Hal itu diungkapkan Gus Ipul saat Rapat Kerja (Raker) bersama Komisi IX DPR di Kompleks Parlemen, Senayan, Jakarta Pusat, Rabu (15/4/2026). Dia mengungkapkan, pihaknya telah menonaktifkan 13,5 juta penerima manfaat PBI JK pada 2025.
"Jadi ada 13,5 juta yang kita nonaktifkan di tahun 2025. Sebanyak 106.000 lebih melakukan reaktivasi, sisanya berpindah segmen mandiri dan dibiayai oleh pemda. Ini yang tahun 2025," kata Gus Ipul.
Dari jumlah itu, dia mengatakan pihaknya telah mereaktivasi lebih dari 106.000 penderita katostropik dari penerima manfaat PBI JK sepanjang 2026. Dengan begitu, jumlah peserta PBI JK yang telah direaktivasi sebanyak 242.280 penerima manfaat.

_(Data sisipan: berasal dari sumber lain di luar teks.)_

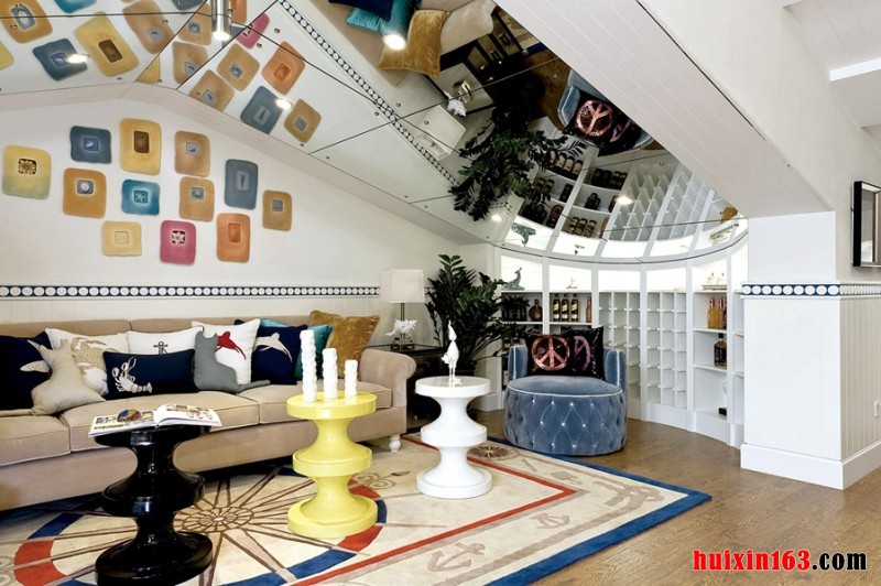 白色总能给人洁净明亮的感觉,室内多些白颜色,可以起到延伸视觉空间效果的目的。本案家居定位为地中海风格,除了纯洁的白色,蓝色自然少不了,蓝与白的搭配,是地中海风格的重要元素之一。木龙骨吊顶,白色刷涂,给人干净整洁之感,白色铁艺烤漆烛台式水晶灯悬吊与客厅吊顶上,零星射灯点缀,整体感觉华美优雅。罗马柱装饰沙发背景墙,顶部拱形设计,辅以圆形浮雕装饰,墙面中央意境唯美的地中海地区风景画装饰,画风真实自然,好似实景一般,细细欣赏,会情不自禁的感觉眼前不是一幅画,更像是一扇小窗,画中的美丽景致就在窗外,近在咫尺,感觉是那样的美好与惬意。白色布艺沙发,简单的黑色线条将沙发的大致轮廓勾勒了出来,将沙发的立体感突显了出来,颜色图案各异的靠枕双视,质地柔软的棉布,看着就给人舒适优柔的感觉。刷涂有白漆的木结构框架沙发椅,宝蓝色搭配,干净利落,蓝色花纹坐垫及靠背设计,蓝白相间的条纹靠枕装饰,沙发椅造型优雅,线条柔婉与顺直兼并,符合家居整体设计风格,也与茶几及沙发搭配的恰当和谐。仿古砖及地砖拼花地板设计,花纹方块地毯过渡,不同深浅的蓝色搭配,带个家居轻松与舒畅之感。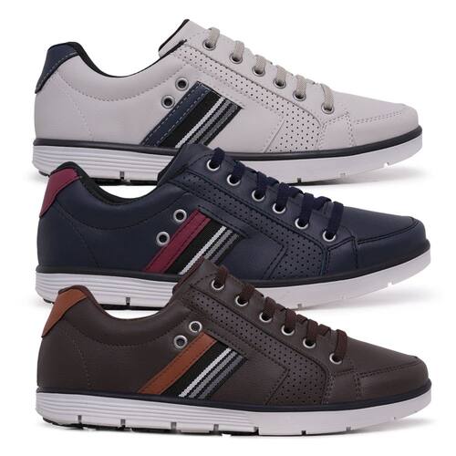 Kit 3 Pares Sapatenis Masculino Ziper Cadarço Confortável - 43 - Azul Petróleo

"Pada awal tahun 2006 ini, dari 11 juta yang dinonaktifkan, 106.153 penderita katastropik telah direaktivasi otomatis, Sehingga total reaktivasi Januari sampai Maret tahun 2026 sebanyak 242.280 penerima manfaat. Mereka melakukan reaktivasi sebagai peserta PBI JK," ujar Gus Ipul.